Vibe Training - Auto Train a Small Language Model for Your Use Case

Apr 28, 2026

A user finds a weird phrasing. The guardrail misses it. Your customer service bot repeats the same unhelpful answer five times because nobody taught it what “repetition” means in your product. Your healthcare chatbot crosses a line it did not know existed. You patch it with a prompt. It works Tuesday. By Thursday, it does not.

This cycle has a name: duct tape safety. And almost every AI product in production is running on it.

Right now, the default solution is to pass every user interaction through a frontier model with your policy written in the prompt. “Here is our privacy rule, does this message violate it?” GPT models do their best. Sometimes that best is great. But you never fully know which one you are getting, and at scale, inconsistency is a liability. This approach also costs real money. Every user message goes through an expensive model. Every call adds latency. And the uncomfortable truth is that a general-purpose model asked to enforce your specific rules is a brilliant generalist pretending to be a specialist. It can fake it. But it cannot be it.

What you actually want is a small, dedicated model that has deeply internalized your exact rule. One that has seen thousands of variations, including the sneaky gray-area cases, and has learned precisely where the line is. Fine-tuned classifiers like this exist and they are dramatically better: smaller in size, lower in inference cost, and far more consistent. The problem has always been getting the training data. Labeled examples cost time and money. Most teams never get there. So they stay on duct tape.

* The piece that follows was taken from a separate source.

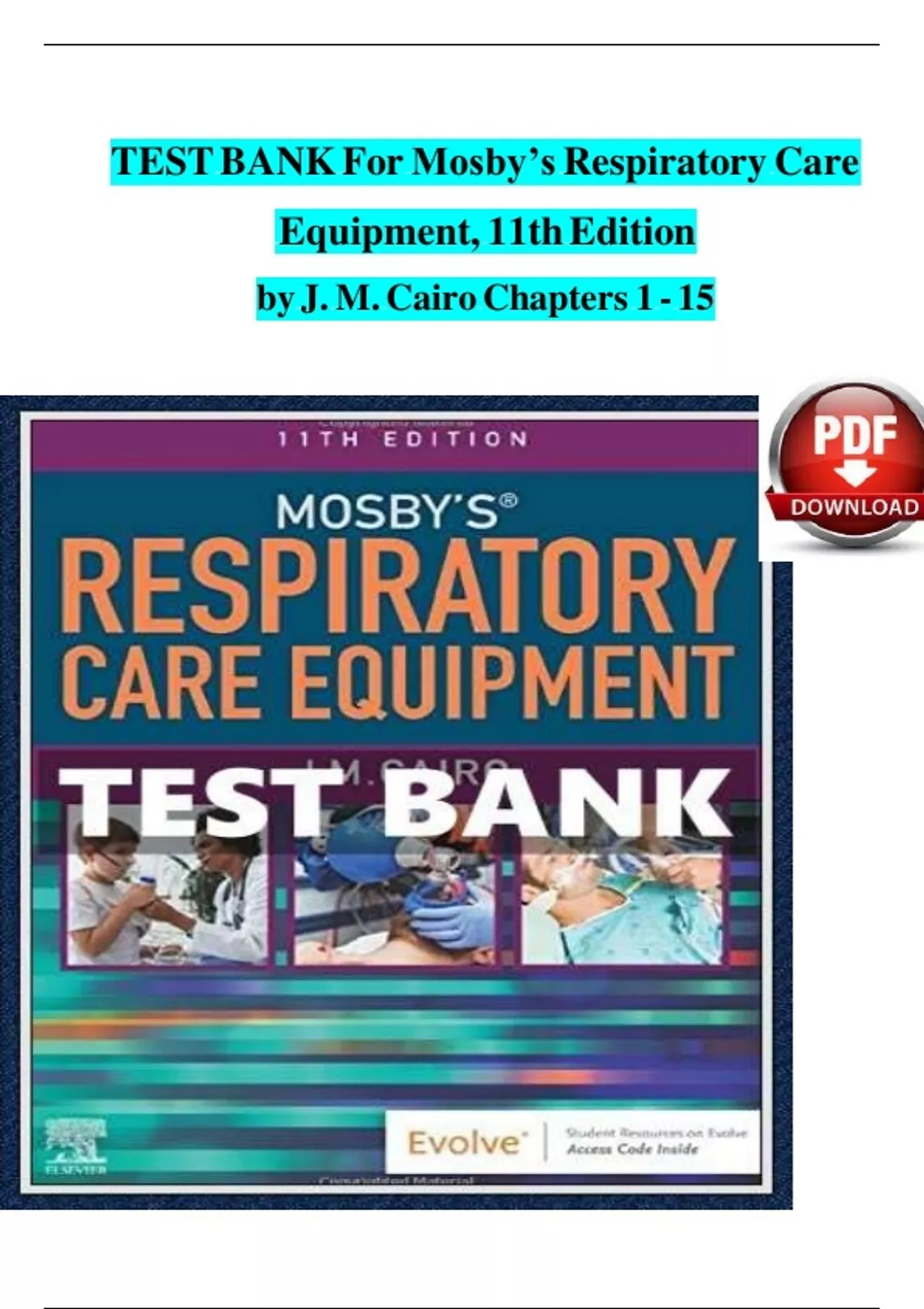 TEST BANK For Mosby’s Respiratory Care Equipment, 11th Edition by J. M. Cairo Chapters 1 - 15

A research team at Plurai just published a framework called BARRED that removes that bottleneck entirely. Give it a description of your policy and a handful of unlabeled examples. It builds the training data itself, verifies every label through structured debate, and hands you a deployable classifier. The results are hard to argue with: a 3-billion parameter model trained with BARRED consistently beat GPT-4.1 and purpose-built safety models with significantly more parameters on custom policy tasks. Here is how it actually works.

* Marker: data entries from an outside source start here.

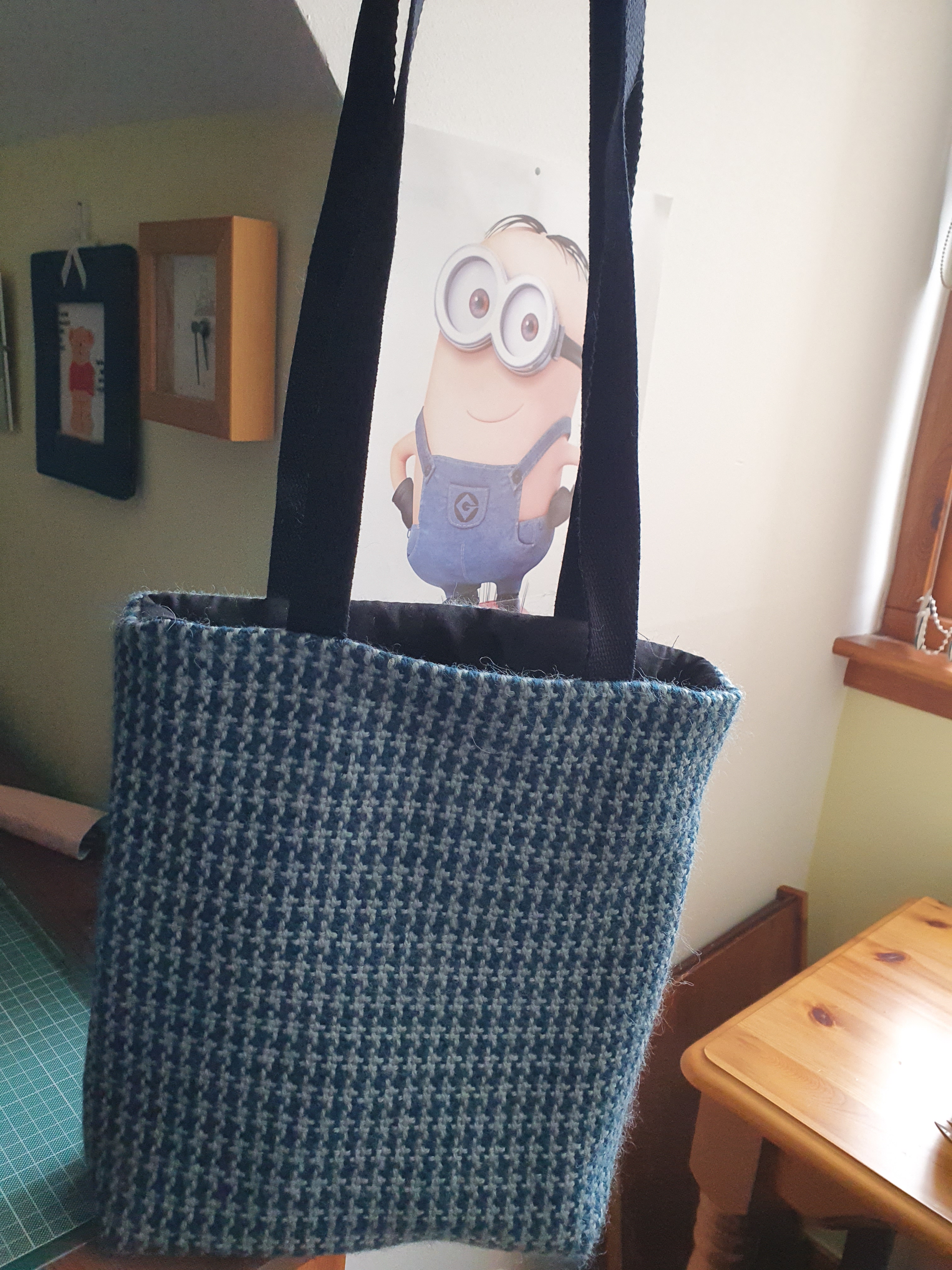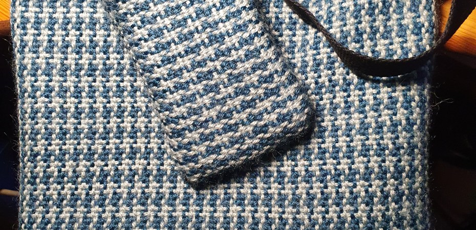 The pattern is very clear for both warping the houndstooth pattern on a rigid heddle loom (mine is 32″) and the sewing of the bag and lining. Lots of pictures and clear step by step instructions. I did get muddled when I put the lining on and ended up with it inside out and had to unpick and re-do, but think that was my error not the pattern.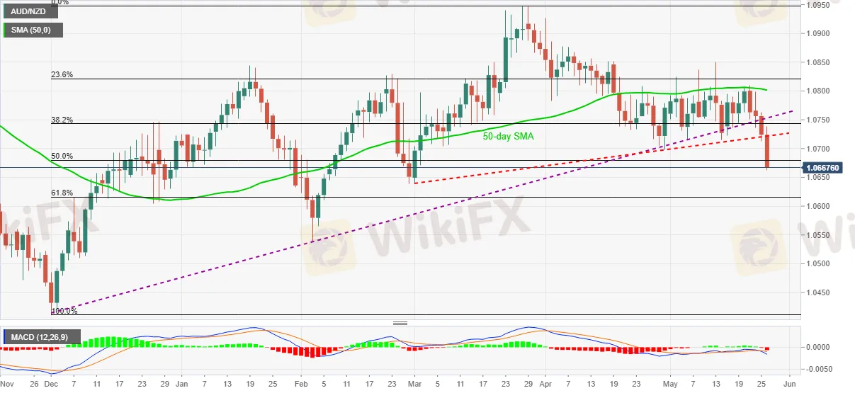 Balita sa Forex ng WikiFX (Ika-26 ng Mayo taong 2021) - Pagsusuri sa Presyo ng AUD/NZD : Ang mga slump sa ibaba 1.0700 habang tinutukso ng RBNZ ang pagtaas ng rate sa huling bahagi ng 2022.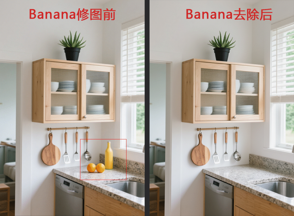 在StartAI的Banana修图功能面板上,在“原图”区域添加我们需要处理的素材,在“修图需求”中准确的描述我们需要去除的东西是什么,例如我这边输入的是【帮我把其中黄色的瓶子和橙子的橘子去除】。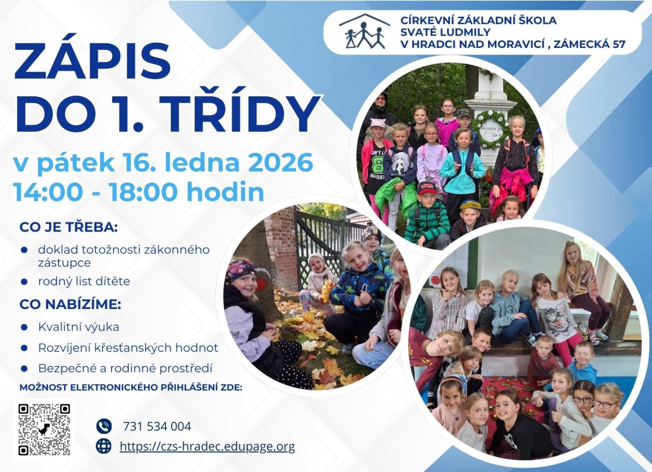 Pro zápis do 1. třídy si vezměte s sebou doklad totožnosti zákonného zástupce a rodný list dítěte. Pro více informací volejte na tel. číslo 731 534 004.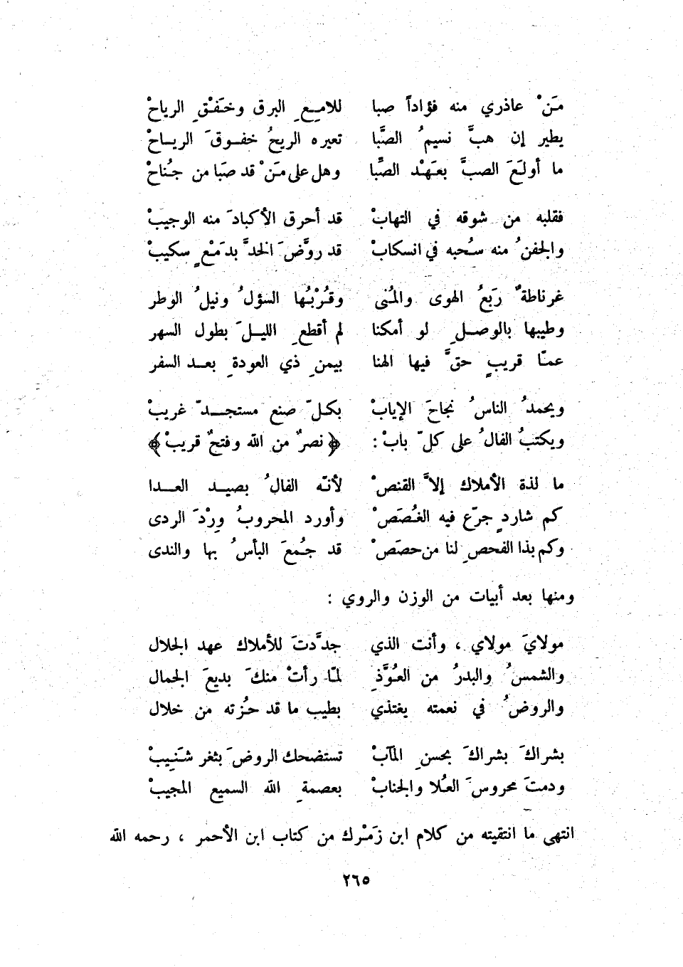 ودمت محروس العلا والجناب ... بعصمة الله السميع المجيب انتهى ما انتقيته من كلام ابن زمرك من كتاب ابن الأحمر، رحمه الله

The Two Ways Synthetic Data Breaks

The obvious response to the data problem is: just generate it. Ask an LLM to produce thousands of labeled examples of your policy in action. Simple enough, right?

Except it breaks in two specific ways, and both are devastating.

The first is collapse. When you ask a language model to generate examples of a policy violation, it gravitates toward the obvious ones. Imagine asking for “examples of health advice” and getting fifty variations of the same textbook sentence. The examples cluster around the most clear-cut case. But your classifier does not struggle with clear-cut cases. It struggles with the edges, the situations where a reasonable person might pause and think. If your training data never includes those cases, your model becomes confidently wrong exactly where it matters most.

The second is noise. The same model generating your examples is also labeling them. And language models are not perfectly consistent. They rationalize. They hallucinate. An example that should be labeled “violation” sometimes gets labeled “compliant” because the generator happened to focus on the wrong sentence. Train on mislabeled data and your model learns the wrong lessons with complete confidence. The fine-tuning makes it worse, not better.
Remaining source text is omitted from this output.